Sohrawardī est né en 649 de l'hégire (1155 de l'ère chrétienne) à Sohraward, au nord-ouest de l'Iran, en une région longtemps restée fidèle au mazdéisme. Il fut l'élève de Majdoddīn al-Jīlī à Marāgheh, en Azerbaījān, puis il partit pour Ispahan, où Omar al-Sāwajī l'introduisit à l'œuvre d'Avicenne, sans en omettre les conclusions ésotériques. Sohrawardī fréquenta les soufis, dont il adopta le mode de vie : solitude, voyages, retraite et méditation. Il exigeait de lui-même une ascèse rigoureuse, des jeûnes prolongés, une diététique préparant le corps à s'effacer pour libérer l'âme et laisser s'élever l'imagination active. Il portait l'accent sur la nécessité de conquérir son authentique nature personnelle, et non sur la pure et simple abolition de soi. Il parvint à une égale liberté dans la connaissance rationnelle et dans les techniques visionnaires. Un témoignage laisse entendre qu'on le perçut, dans son entourage, comme un pôle de la connaissance ésotérique.

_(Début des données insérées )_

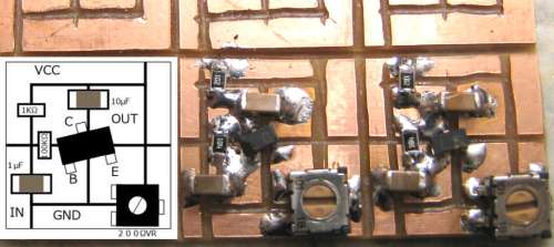TRと4個のチップと電解コンデンサ、100Ωチップ半固定VRです。
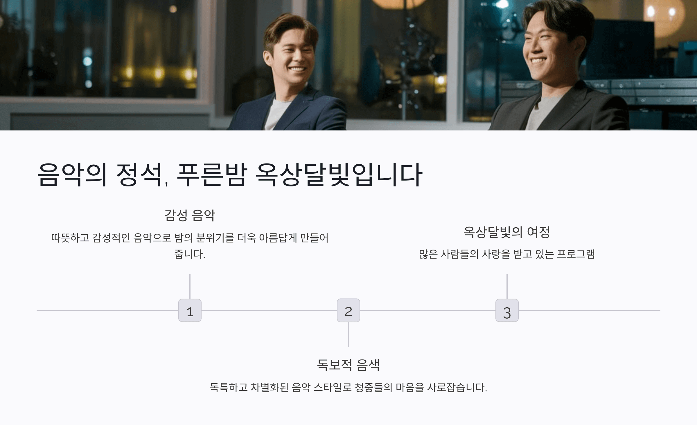 이와 함께, 진행자들은 개인적인 경험과 위트 있는 멘트를 통해 청취자들과 깊이 공감하며, 유대감을 형성합니다. 음악과 이야기, 그리고 따뜻한 소통의 조화는 '푸른밤, 옥상달빛입니다'를 밤 시간대 대표 프로그램으로 자리매김하게 합니다.
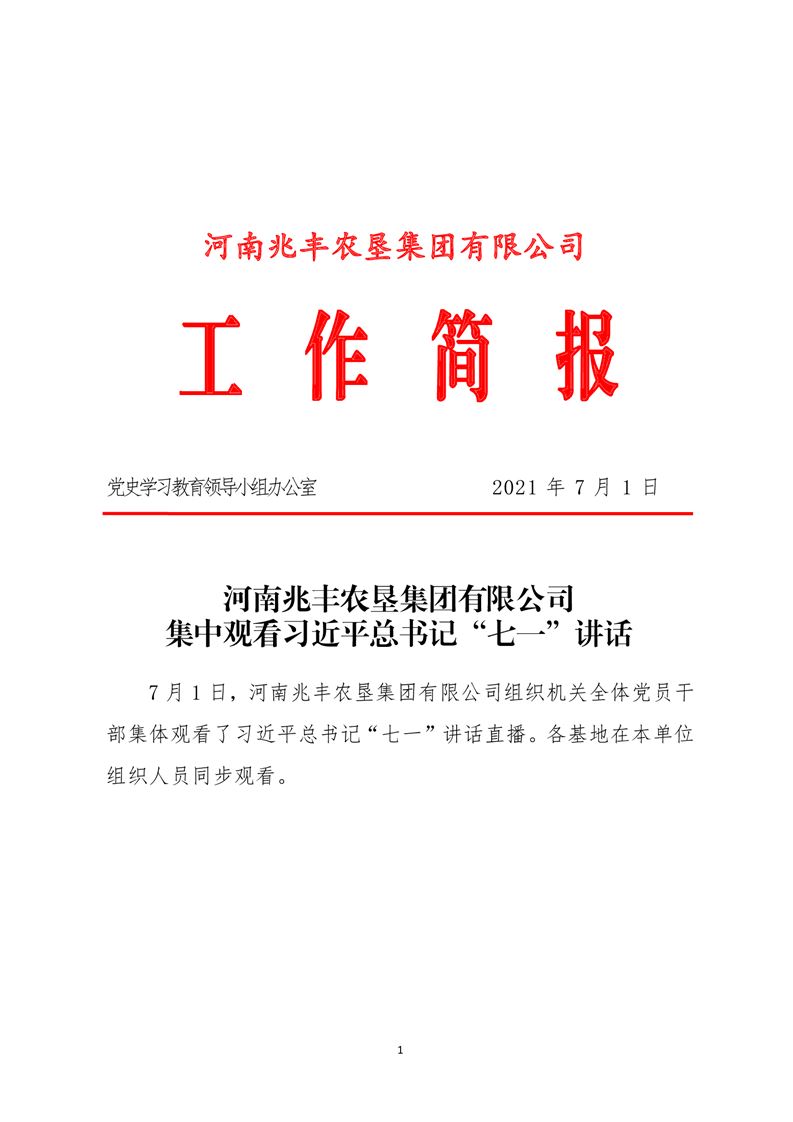 · 河南兆豐農(nóng)墾集團(tuán)有限公司 集中觀看習(xí)近平總書記“七一”講話
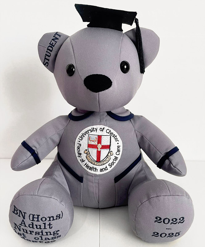 This Melody Memory Bear Pattern was sewn by Julie Lee as a uniform keepsake. She added a grad cap using the free pattern (see the link below the photo!)
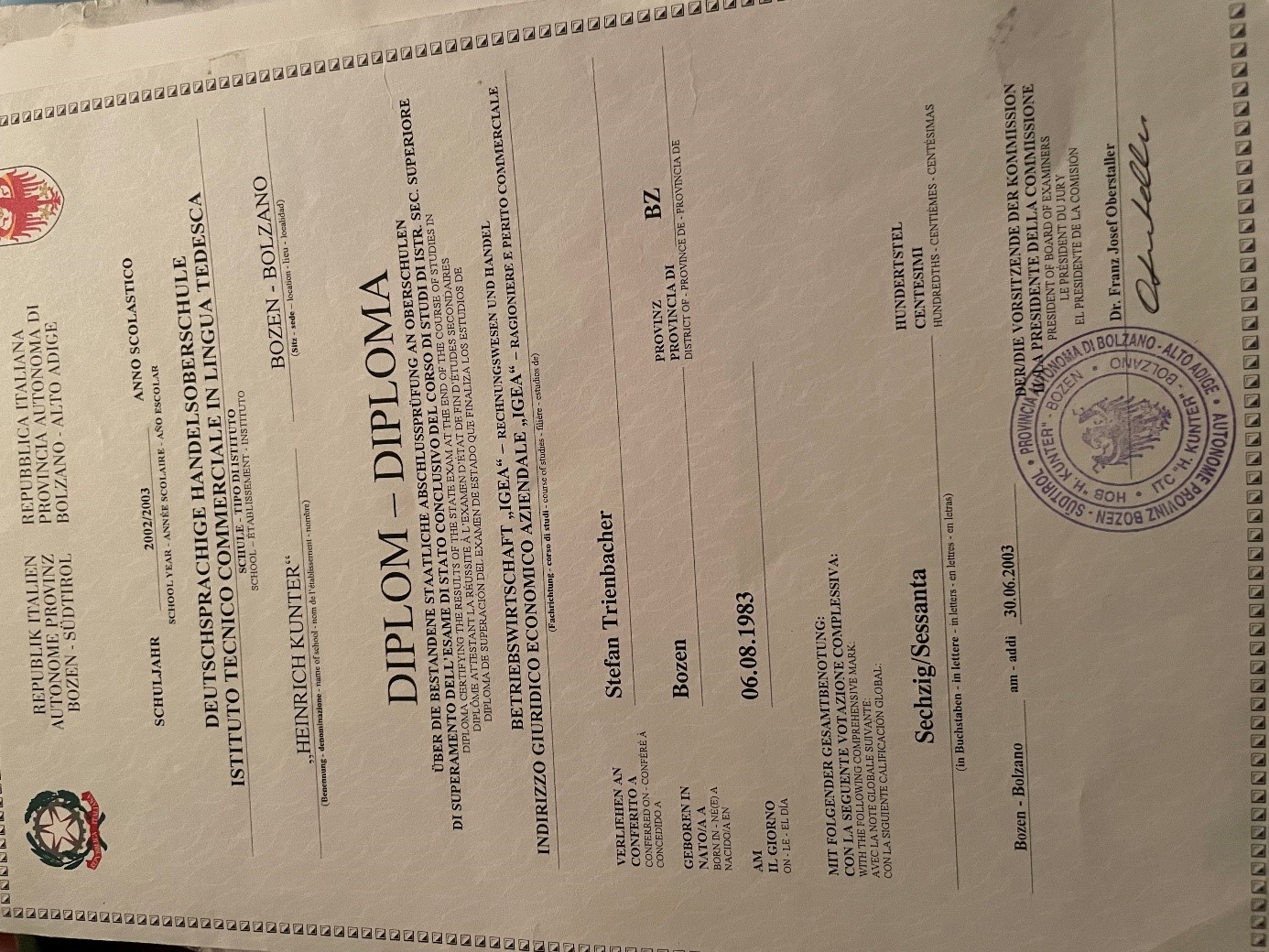 Diploma Trienbacher Stefan
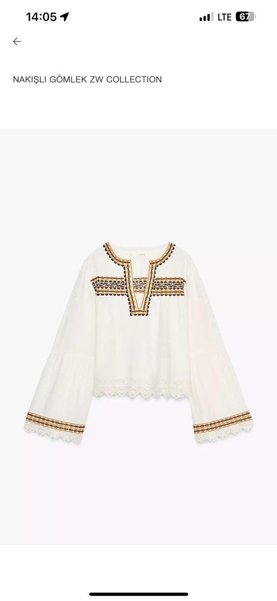 Pamuklu kumaştan, nakışlı ve boncuk detaylı beyaz bluz. Uzun, bol kolları ve tekne yaka tasarımı ile günlük kullanım için uygundur. Ürün yalnızca 1 kez giyilmiştir. Ürünlerin stoğu bulunmamaktadır

Après avoir séjourné auprès des princes seljoukides de Rūm, Sohrawardī répondit à l'invitation du fils de Salāh al-Dīn (Saladin), Malik al-Zāhir, qui régnait alors sur Alep. Les ismaéliens, de quelque obédience qu'ils fussent, étaient fort suspects, en cette région, de menacer l'unité de l'islam face au regain des forces chrétiennes en Syrie. L'eschatologie et la prophétologie de Sohrawardī furent comprises des docteurs de la Loi comme une imāmologie ismaélienne déguisée et ils le condamnèrent. Au lieu de fuir, Sohrawardī soutint ouvertement ses thèses, protégé par son ami Malik al-Zāhir ; mais Saladin intervint à trois reprises auprès de son fils et le contraignit sous la menace à abandonner le philosophe, qui fut exécuté dans la citadelle d'Alep le 5 Rajāb 587 h. [...]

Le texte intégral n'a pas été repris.